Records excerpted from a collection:
□ □ □ □ □ □ □

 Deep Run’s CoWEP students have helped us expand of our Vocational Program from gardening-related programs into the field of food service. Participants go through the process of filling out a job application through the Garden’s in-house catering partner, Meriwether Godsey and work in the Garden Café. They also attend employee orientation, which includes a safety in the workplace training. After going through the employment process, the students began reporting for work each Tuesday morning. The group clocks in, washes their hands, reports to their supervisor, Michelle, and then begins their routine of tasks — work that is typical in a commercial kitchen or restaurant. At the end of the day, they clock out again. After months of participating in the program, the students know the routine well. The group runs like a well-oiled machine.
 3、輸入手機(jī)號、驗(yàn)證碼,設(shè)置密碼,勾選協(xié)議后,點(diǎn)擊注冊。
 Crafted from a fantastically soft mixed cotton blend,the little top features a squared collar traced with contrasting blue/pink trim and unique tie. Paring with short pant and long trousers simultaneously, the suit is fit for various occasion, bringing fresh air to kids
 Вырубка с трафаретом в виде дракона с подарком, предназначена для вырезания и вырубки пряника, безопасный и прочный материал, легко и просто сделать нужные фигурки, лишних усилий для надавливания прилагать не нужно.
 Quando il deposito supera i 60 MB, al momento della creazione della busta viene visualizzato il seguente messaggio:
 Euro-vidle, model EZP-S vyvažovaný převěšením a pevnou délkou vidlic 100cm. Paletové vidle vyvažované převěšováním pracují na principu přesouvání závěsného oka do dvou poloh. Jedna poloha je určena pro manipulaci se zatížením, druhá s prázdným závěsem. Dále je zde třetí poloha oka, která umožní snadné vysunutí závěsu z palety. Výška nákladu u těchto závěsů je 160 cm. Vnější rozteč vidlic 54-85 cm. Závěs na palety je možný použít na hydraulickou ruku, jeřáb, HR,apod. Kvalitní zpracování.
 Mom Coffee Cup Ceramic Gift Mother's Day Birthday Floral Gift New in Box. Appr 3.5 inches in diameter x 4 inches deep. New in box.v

□ □ □ □ □ □ □

An exact, complete copy of the lines above from the one with "3、輸入手機(jī)號、驗(yàn)證碼" through the one with "Quando il deposito" is the whole answer.

 3、輸入手機(jī)號、驗(yàn)證碼,設(shè)置密碼,勾選協(xié)議后,點(diǎn)擊注冊。
 Crafted from a fantastically soft mixed cotton blend,the little top features a squared collar traced with contrasting blue/pink trim and unique tie. Paring with short pant and long trousers simultaneously, the suit is fit for various occasion, bringing fresh air to kids
 Вырубка с трафаретом в виде дракона с подарком, предназначена для вырезания и вырубки пряника, безопасный и прочный материал, легко и просто сделать нужные фигурки, лишних усилий для надавливания прилагать не нужно.
 Quando il deposito supera i 60 MB, al momento della creazione della busta viene visualizzato il seguente messaggio:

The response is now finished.